Sunny and in the 50s!
Decided to do some plinking. Shooting 3/8-inch (9.5mm) steel from 10 meters (33 feet) with a homemade Axiom Champ and Precise .65mm latex cut to 12 inches at a 5/8-3/8-inch taper.




Used a garage sale camera so I could place it near the target. Video quality may suffer!


----------



## Tag (Jun 11, 2014)

Now that’s a fun video. It’s just great to be out in the open air


----------



## SonoftheRepublic (Jul 3, 2011)

Nice to see some shooting!


----------



## KawKan (May 11, 2013)

SonoftheRepublic said:


> Nice to see some shooting!


Man, we all love a little shooting video!


----------



## Flatband (Dec 18, 2009)

The simple pleasures-Yep I love it!!!!!!! Good shooting too KK!


----------



## NoGuarantees (Feb 22, 2018)

Man! That is great KawKan...I just fell on some loose gravel and did more damage to the rotator cuff and will not be able to shoot for about two months! Stuff happens, but I can still enjoy this forum and I certainly enjoyed your video. Thanks so much for posting this - it certainly came along at the right time for me as I was getting a bit discouraged...

NG


----------



## 31610 (Aug 20, 2017)

Kk nice shooting wish my back yard had no snow like yours


----------



## Covert5 (Feb 7, 2018)

Awesome shooting KK!


----------



## Ibojoe (Mar 13, 2016)

That was a fun video and a beauty of a day to be out shootn. Thanks for sharing!


----------



## Kalevala (Jul 20, 2014)

I like videos, where it's possible to see shooters real feelings.

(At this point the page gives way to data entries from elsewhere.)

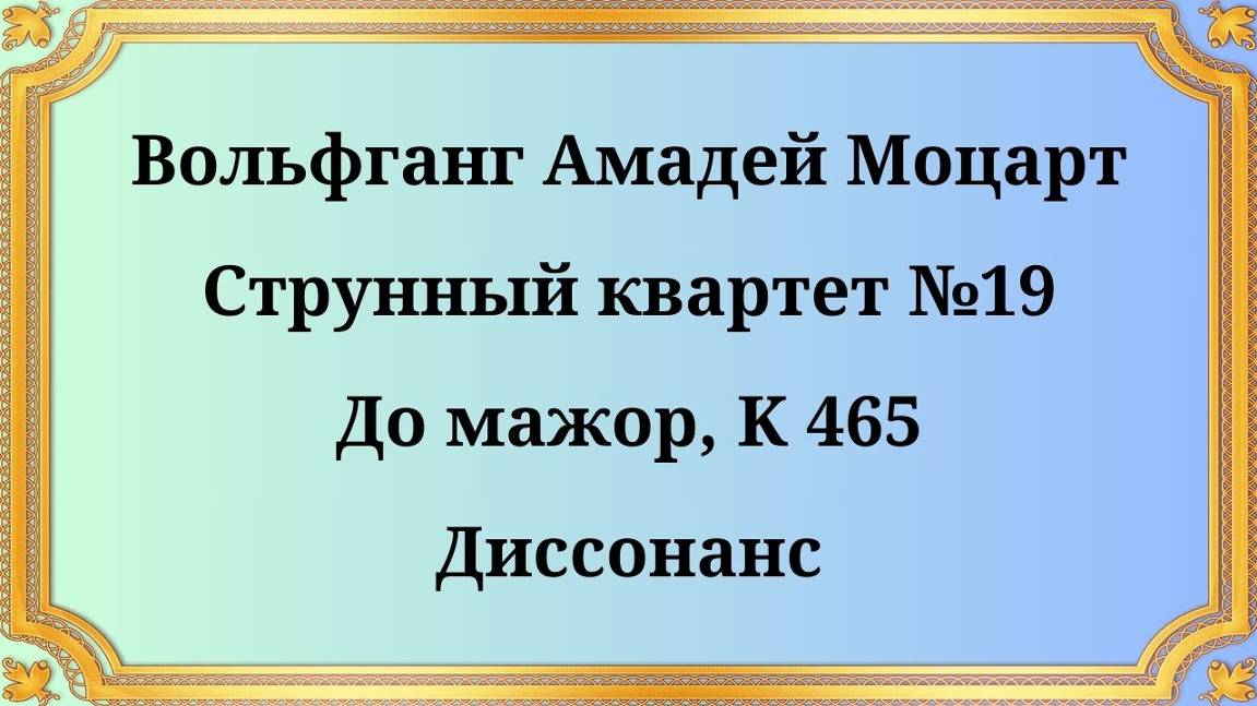 Вольфганг Амадей Моцарт Струнный квартет №19 До мажор, K 465 Диссонанс
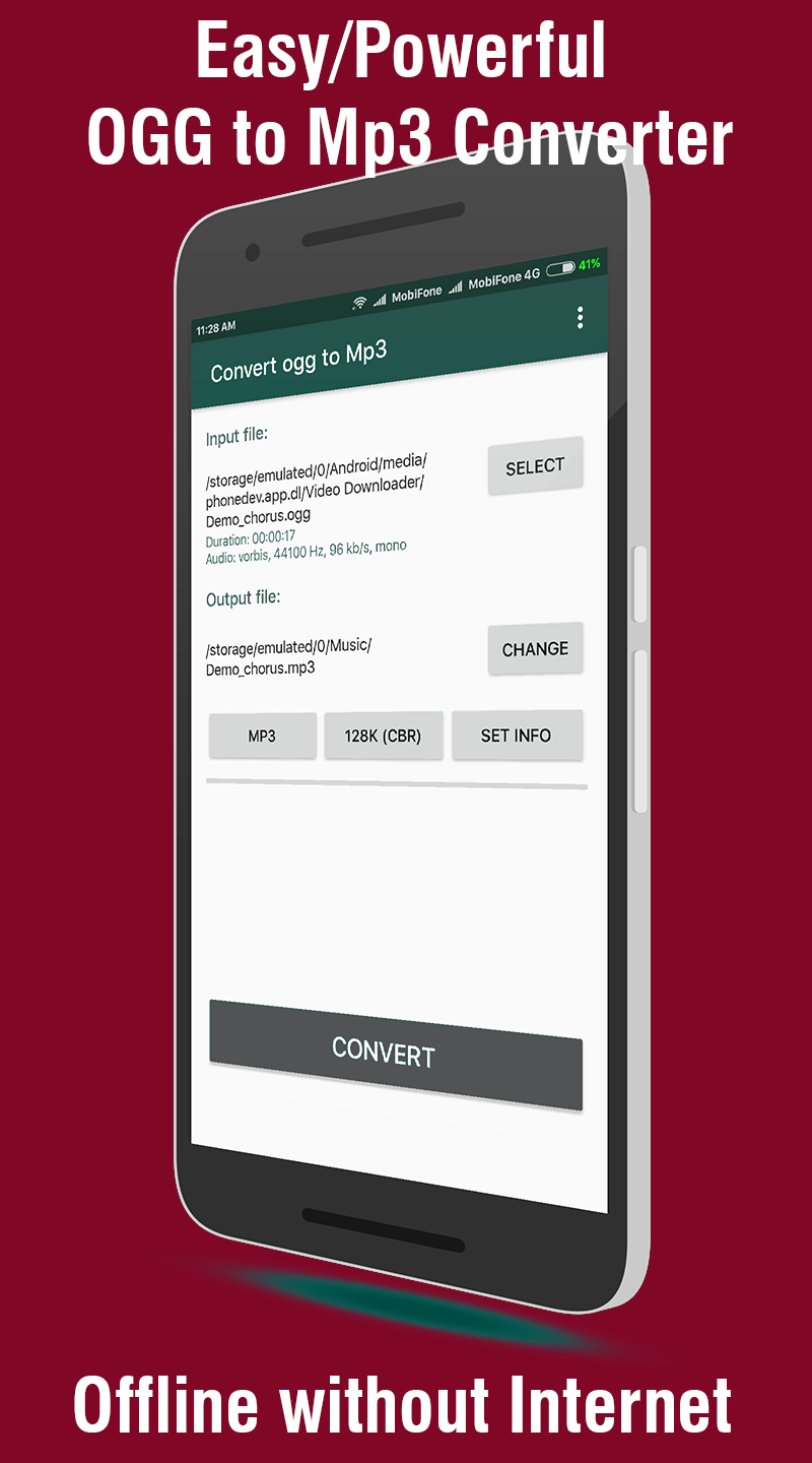 What is OGG? Ogg is a multimedia container format. The actual audio or video encoded by a codec is stored inside an Ogg container, and the native file and stream format for the Xiph.org multimedia codecs. The Ogg container format can multiplex a number of independent streams for audio, video, text (such as subtitles), and metadata. For example, a video file with sound contains data encoded by both an audio codec and a video codec. Because of its early entry into the file sharing world, MP3 became immensely popular. Its popularity is marked by the fact that the term MP3 was synonymous with Compressed audio. Some people use the term MP3 to mean any audio file. Ogg Vorbis is steadily gaining ground among developers because of its superior sound quality and open source code base. Notably, toy and hardware manufacturers are using Ogg Vorbis to encode their audio files to achieve efficient compression and avoid patent issues with MP3. However, the vast majority of portable music players (commonly referred to as "MP3 players" by many people) still do not support the Ogg Vorbis format. OGG MP3 Converter remains one of the most easy-to–use app ever existed. It can easily convert ogg audio to mp3, suitable for home users and company users to convert. What's more, this Free OGG to MP3 Converter not only offers an easy way to convert all your OGG audio files to MP3, but also to other audio formats including WAV, WMA, AAC, AIFF, M4A, AAC, etc. Also supports to convert video and audio files to vorbis ogg or mp3. Best way to convert OGG to MP3 file in seconds. 100% free, secure and easy to use! Do you want to convert a OGG file to a MP3 file ? This advanced offline app that solving any problems with any files. The best and the most effortless ogg to mp3 convertor app to convert OGG to MP3 or convert MP3 to OGG is to use OGG MP3 Converter. This OGG MP3 Converter is completely free of charge. Click the Download to try Free OGG to MP3 Converter. _____------=======How to convert OGG to MP3?=======------_____ Step 1. Select File: Use "Select" button to select the file you want to convert(you can select file from phone or Google Drive, Dropbox,....) in the pop-up dialog box. Step 2. Set Output Format: Click "Output Format" and choose MP3 Audio(*.mp3) or any file format are supported as WAV, WMA, AAC, AIFF, M4A, AAC from drop-down list according to your device. Step 3. Choose Destination. To set the folder that you want to save your target file (default is SDcard/Music folder)/ Step 4. Adjust Bitrate Setting, Edit Mp3 Tag support Album Artwork, Edit tag music. Step 5. Start the OGG to MP3 Conversion by click "CONVERT" _____------======= ENJOY!!! =======------_____
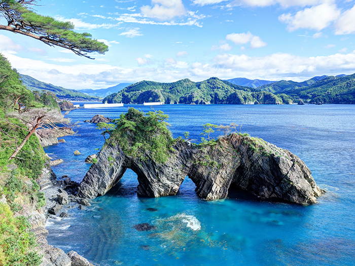 国の「名勝・天然記念物」に指定されているほか「日本の渚100選」にも選ばれている、碁石海岸。波で磨かれた黒い玉砂利が敷き詰められていることが、名前の由来になったという一説も。なかでも波の浸食により3つの大きな穴が開いた穴通磯(あなとおしいそ)は絶景スポットです。他にも、豪快な音が響き渡る雷岩や、切り立った岩壁が向かい合い白波が砕け散る乱曝谷(らんぼうや)なども見ごたえ十分。それらを含む島々を小型漁船でめぐる碁石海岸クルージングは、大船渡の自然を堪能できるアクティビティです。
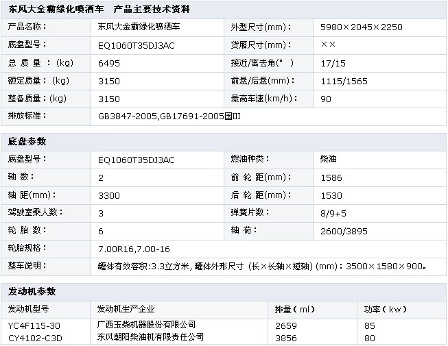 東風(fēng)大金霸綠化噴灑車  底盤型號:EQ1060T35DJ3AC 額定質(zhì)量:3150
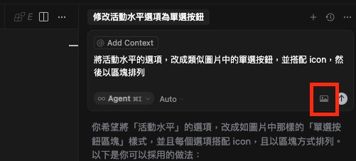 Cursor 的對話框,可以上傳圖片,讓他自動根據圖片調整版面,我把上面那張圖片上傳給 Cursor,接著下指令:
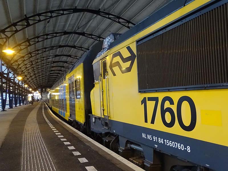 Noch Alltag: NS 1700 mit Doppelstock-ICNS Elektrolok 1760 in Haarlem am 23. März 2018 mit 4 Doppelstockwagen als Intercity 3400 Alkmaar - Heiloo - Castricum - Haarlem. Diese Zug fahrt morgens 4 x, am Abend wieder nur 4 x zurück.
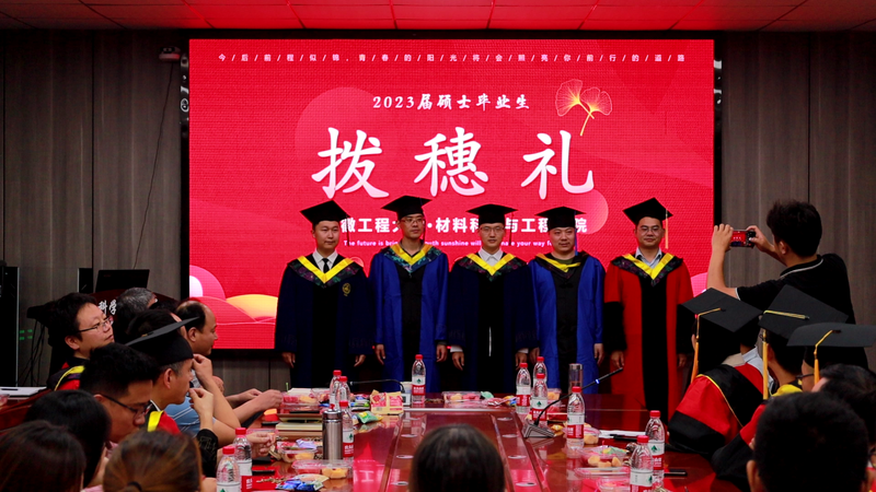 紧接着硕士生导师为2023届毕业生们一一扶正流苏,公司党政领导为毕业生赠送礼物。
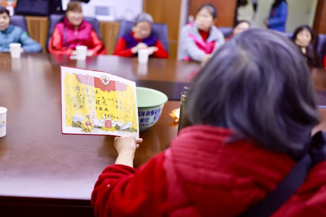 一旁的颜阿姨小心翼翼地翻开一本1986年的“荣誉证书”,讲述了自己如何在保育员岗位上被评为劳模的故事,赢得了大家的赞赏,众人纷纷对她竖起了大拇指。
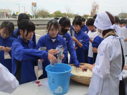 1組から順に、持ち寄った米を専用の袋に入れ、水を入れて準備をしています。この後、大きな釜で袋ごと米を炊き、レトルトカレーも一緒に煮て、カレーを食べます。
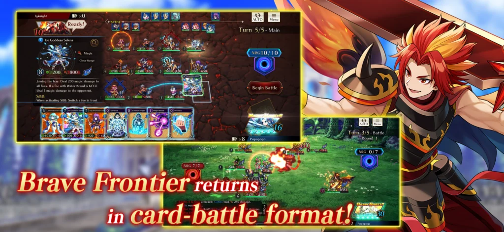 Brave Frontier Versus offers fast, five-turn battles where each match consists of up to six units on the field. The goal is to build strong synergy between cards, execute strategy quickly, and enjoy tight matches that remain exciting even for newcomers. The game retains signature Brave Frontier mechanics like Brave Bursts, and adds new features such as Manifestation Cards drawn during the 3rd and 5th turns with enhanced stats and special abilities.
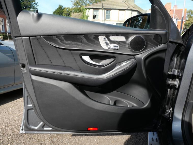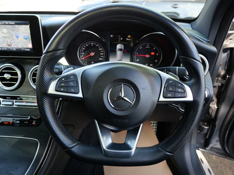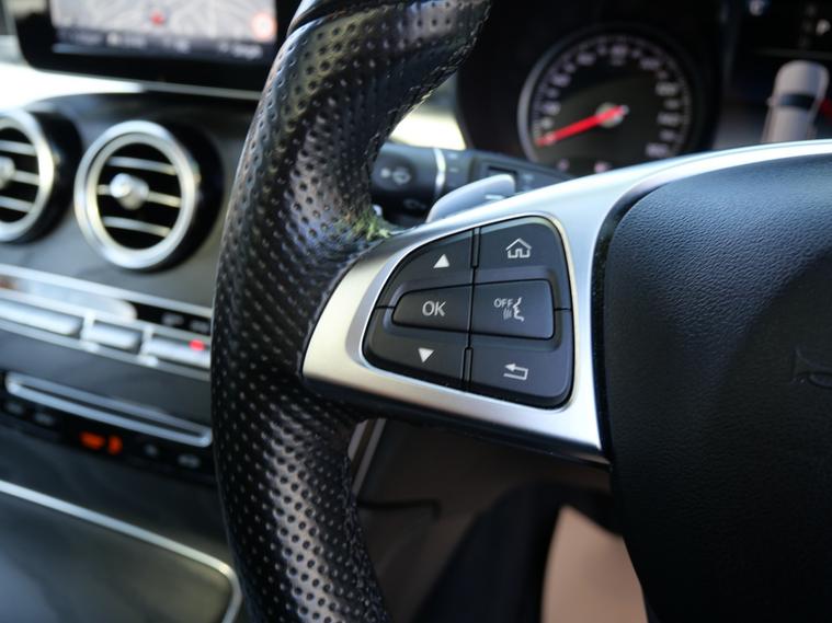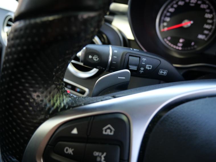 - steering wheel - 3-spoke multi-function amg in black leather with flattened bottom section and chrome inserts and perforated leather in grip area
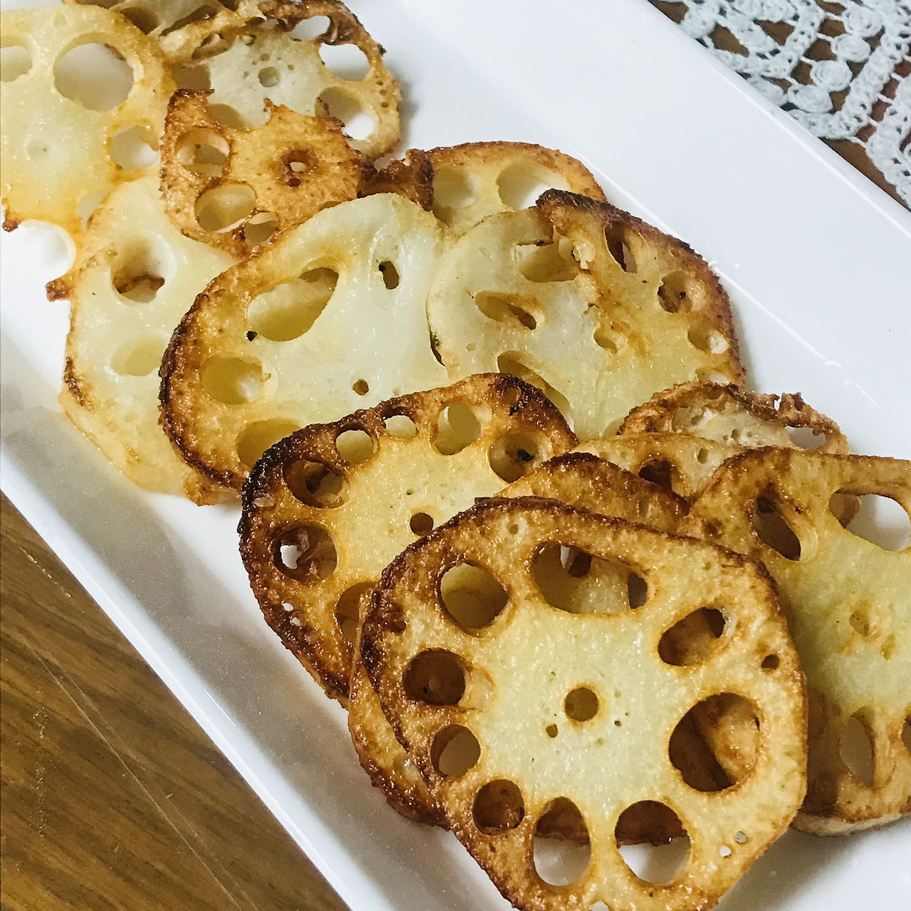 입이 심심하거나 주전부리가 필요하다면, 튀긴 음식을 먹고 싶은데 부담스럽지 않은 음식이길 바란다면, 연근 튀김 한 접시 어떨까?
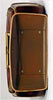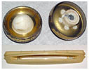 штампован из металла, с применением никелирования и многослойного лакирования.
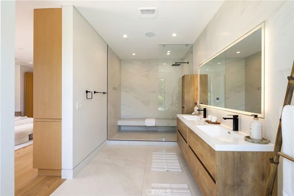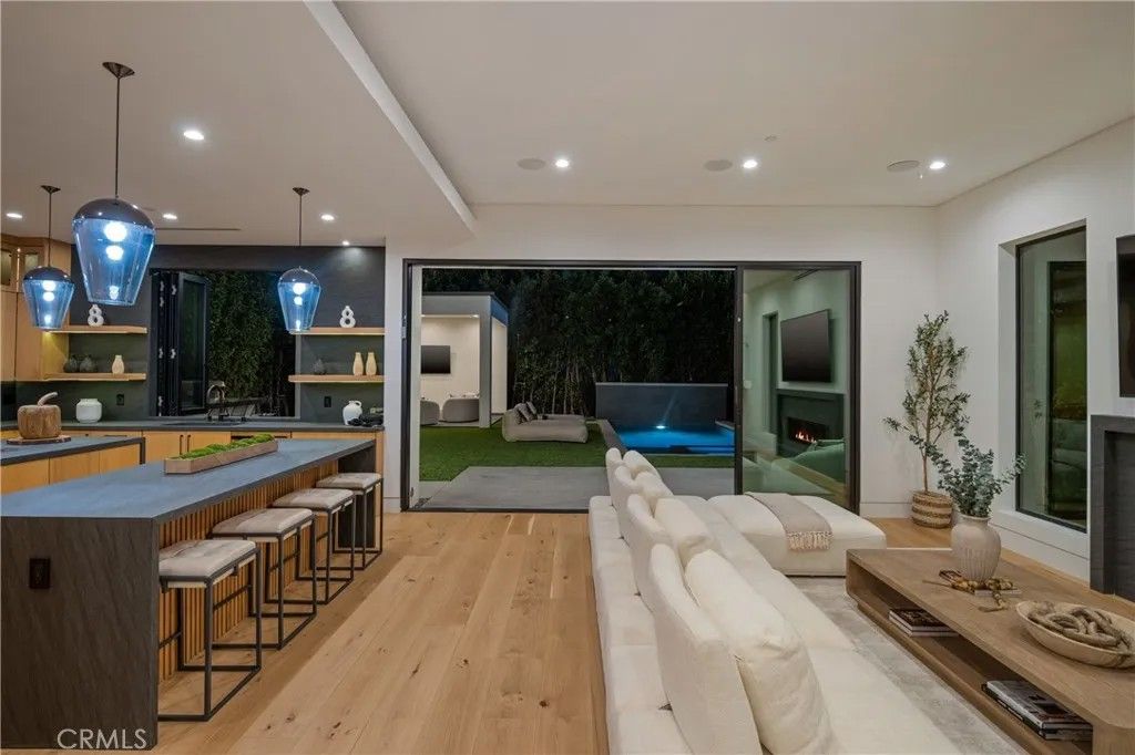 Welcome to 14822 Hesby St, where PRIVACY, vision, precision and elegance converge. A striking newer construction estate that blends modern design with luxury. This state-of-the-art smart home showcases a dramatic glass staircase, soaring high ceilings, and expansive glass pocket doors that open to a seamless indoor-outdoor experience. The chefs kitchen is a showpiece, featuring dual oversized islands, a sleek breakfast bar, and inspiring white oak floors throughout. Retreat to the primary suite with its spa inspired bath, spacious walk-in closet, and two private balconies with sitting area and fireplace. Outside, a resort-style pool, spa, and cabana create the ultimate setting for relaxation and entertaining. Built by MLR Development one of Los Angeless most reputable builders, this residence is a sanctuary of abundance designed for seamless living and timeless beauty.
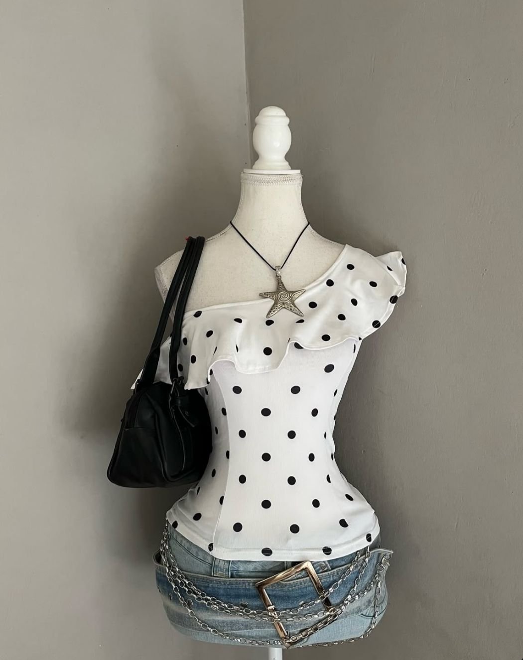 Featuring a sleek one-shoulder neckline and a classic black-and-white polka dot pattern, this top strikes the perfect balance between playful and sophisticated.
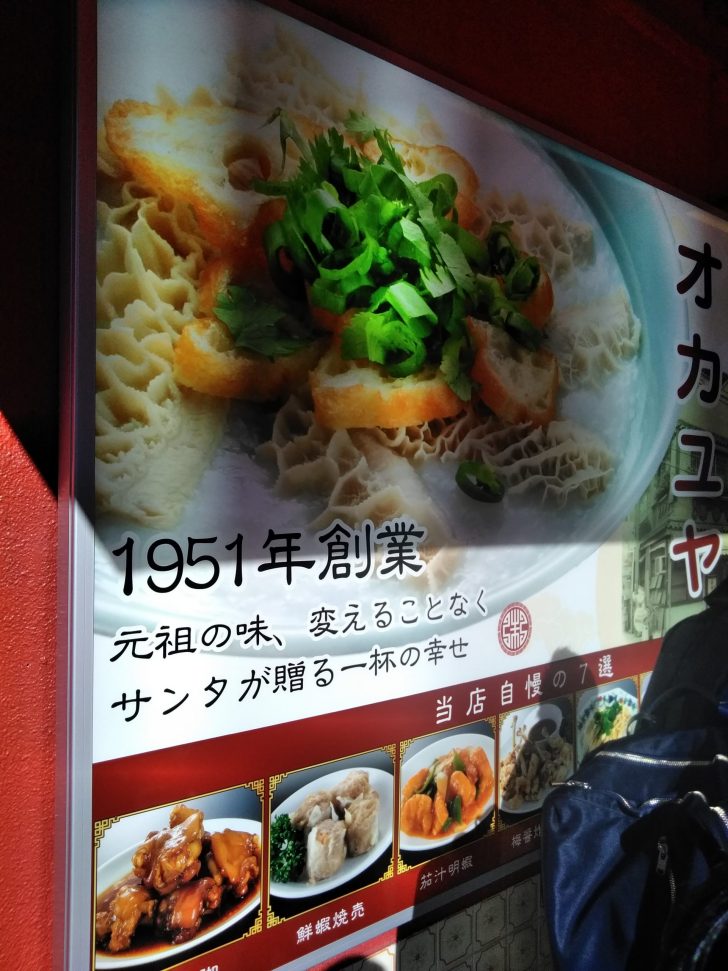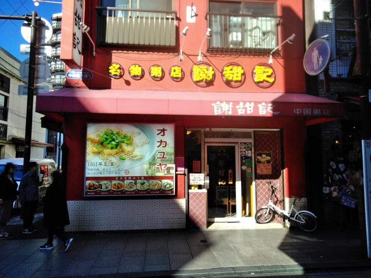 中華街大通りにある謝甜記は、1951年創業で、先代謝甜(シャテン)の味を守っています。謝甜記のお粥は、生の米から乾燥カキ・乾燥貝柱・鳥一羽丸のまま入れ約4時間煮込み、塩は「セル マラン ド ゲランド」と言うフランス原産の物を使用しております。おかゆの具は全部で15種類。お好みで「油条」「薬味」「醤油」などを入れて味の変化を楽しむことも出来ます。

This was one of those :thumbsup:


----------



## KawKan (May 11, 2013)

NoGuarantees said:


> Man! That is great KawKan...I just fell on some loose gravel and did more damage to the rotator cuff and will not be able to shoot for about two months! Stuff happens, but I can still enjoy this forum and I certainly enjoyed your video. Thanks so much for posting this - it certainly came along at the right time for me as I was getting a bit discouraged...
> 
> NG


Sorry to hear about the fall. Hope your recovery goes smoothly, and you return to shooting soon!


----------



## BushpotChef (Oct 7, 2017)

It's not quite thst warm out here in Canada just yet, but I did manage to get out and do some shooting in the past two days. And brother I hear you I feels great to get outside for a change and shoot!

Nice shooting! 

Sent from my SM-J320W8 using Tapatalk


----------